Fees for simply coming up with an unregistered name can range from a few thousand dollars for a one-market venture to more than $70,000 for a global name and dot-com domain, according to industry estimates.
In addition, there are the legal fees for the registration process, which can cost hundreds of thousands of dollars, and there may be costs related to the design of a logo or other elements."It's a real puzzle. The investment for a name can go from nothing to a very high price," said Fornas of Cartier. "A company has to decide what it wants to invest: How important is the product vis-à-vis the price to register its name," he explained.
Despite the challenges, companies do have success stories.
In 1998 Cartier developed a unisex fragrance that it wanted to call "Déclaration." Members of the development team proposed the name, then tightly crossed their collective fingers.
"For a perfume, it was actually available! We wondered: How on earth could that be available? Such luck," Fornas recalled.
Success also occurs when managers are creative, coming up with obscure or very hard-to-copy names.
When Cartier wanted to name a new watch "La Doña" in tribute to the late Mexican actress María Félix, once among Cartier's most extravagant jewelry customers, it found that the name, not surprisingly, was available for a watch.
Montgomery of FutureBrand gives the nail care company OPI kudos for its clever, hard-to-knock-off nail polish color names like "Didgeridoo Your Nails," a mauve hue from the brand's new Australia collection for spring- summer 2007.
Choosing the right name also can be important in the creative process, said Jim Nevins, the creative director at Clinique who in 1997 came up with the name "Happy" for a perfume.
"The fragrance was being developed before we had a name for it. I was watching a biography of Judy Garland on the A & E channel one night and the song came on, 'Come on Get Happy,'" Nevins recalled. "I thought to myself: 'Who doesn't want to be happy?'"

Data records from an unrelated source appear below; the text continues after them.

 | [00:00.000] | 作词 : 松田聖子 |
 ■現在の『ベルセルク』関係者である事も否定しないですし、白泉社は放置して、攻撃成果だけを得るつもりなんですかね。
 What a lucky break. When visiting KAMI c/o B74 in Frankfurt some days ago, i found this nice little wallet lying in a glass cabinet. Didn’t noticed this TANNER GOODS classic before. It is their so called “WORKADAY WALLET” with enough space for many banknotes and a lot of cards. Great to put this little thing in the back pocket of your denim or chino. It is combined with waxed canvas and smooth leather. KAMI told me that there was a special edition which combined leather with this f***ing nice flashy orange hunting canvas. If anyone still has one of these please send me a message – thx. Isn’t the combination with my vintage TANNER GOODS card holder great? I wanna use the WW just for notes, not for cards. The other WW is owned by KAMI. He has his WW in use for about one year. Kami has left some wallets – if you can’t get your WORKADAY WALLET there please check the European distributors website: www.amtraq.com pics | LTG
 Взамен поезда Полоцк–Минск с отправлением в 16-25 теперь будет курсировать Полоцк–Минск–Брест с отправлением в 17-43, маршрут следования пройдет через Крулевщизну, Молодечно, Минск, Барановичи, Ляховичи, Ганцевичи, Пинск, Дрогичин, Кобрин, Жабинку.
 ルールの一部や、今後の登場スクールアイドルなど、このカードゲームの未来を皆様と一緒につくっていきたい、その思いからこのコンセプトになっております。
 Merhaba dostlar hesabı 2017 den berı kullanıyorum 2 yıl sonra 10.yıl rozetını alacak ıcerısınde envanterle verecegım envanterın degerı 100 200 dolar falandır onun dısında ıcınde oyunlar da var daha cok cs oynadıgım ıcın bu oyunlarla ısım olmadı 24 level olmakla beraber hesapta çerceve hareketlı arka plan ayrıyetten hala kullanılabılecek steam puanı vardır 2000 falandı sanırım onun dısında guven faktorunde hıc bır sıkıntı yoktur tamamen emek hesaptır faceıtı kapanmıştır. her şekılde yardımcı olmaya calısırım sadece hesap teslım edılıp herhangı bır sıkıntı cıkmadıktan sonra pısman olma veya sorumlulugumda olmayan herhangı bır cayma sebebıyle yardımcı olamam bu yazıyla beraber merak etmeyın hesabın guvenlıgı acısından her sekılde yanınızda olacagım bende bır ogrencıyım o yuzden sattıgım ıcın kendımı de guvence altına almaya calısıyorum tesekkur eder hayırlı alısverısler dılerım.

Nevins said the name actually helped direct the final stages of the product's development. An orange note was added to the fragrance and orange was chosen for the package color because, Nevins said, several consumer studies indicated that the color and smell of orange evoke happiness.

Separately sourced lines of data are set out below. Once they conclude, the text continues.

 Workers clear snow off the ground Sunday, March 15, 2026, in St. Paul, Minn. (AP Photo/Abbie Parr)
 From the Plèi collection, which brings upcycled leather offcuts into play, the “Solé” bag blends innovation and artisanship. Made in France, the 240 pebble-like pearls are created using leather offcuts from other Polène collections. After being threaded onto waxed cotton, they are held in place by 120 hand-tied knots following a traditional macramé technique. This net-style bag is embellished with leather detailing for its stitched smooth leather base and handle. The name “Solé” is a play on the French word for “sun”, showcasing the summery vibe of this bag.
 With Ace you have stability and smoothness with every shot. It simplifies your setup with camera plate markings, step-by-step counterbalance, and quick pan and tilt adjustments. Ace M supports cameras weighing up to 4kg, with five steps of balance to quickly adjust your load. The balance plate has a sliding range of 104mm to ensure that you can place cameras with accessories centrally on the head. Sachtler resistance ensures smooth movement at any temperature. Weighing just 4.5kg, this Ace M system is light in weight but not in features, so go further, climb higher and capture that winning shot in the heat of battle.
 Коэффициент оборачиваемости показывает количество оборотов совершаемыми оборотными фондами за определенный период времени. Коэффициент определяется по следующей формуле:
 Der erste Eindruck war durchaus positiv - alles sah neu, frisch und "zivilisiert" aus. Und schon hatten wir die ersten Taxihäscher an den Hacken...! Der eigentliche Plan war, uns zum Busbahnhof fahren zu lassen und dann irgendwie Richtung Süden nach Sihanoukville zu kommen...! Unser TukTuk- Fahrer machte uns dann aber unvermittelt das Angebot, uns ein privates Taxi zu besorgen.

The fragrance, however, could not be marketed under the single word "Happy." The company had some concerns it would be too generic, a spokeswoman said. And, when Clinique was registering the name, it learned that a small company already had registered a similar name, although for an item in another product category.
As a result, the perfume is called "Clinique Happy," a phrasing combining the parent brand and the product name in what the industry calls a "lock up" — an arrangement that protects a combined trademark and has to be consistent in all applications, Montgomery said.
Consumers, however, generally refer to the product as just "Happy."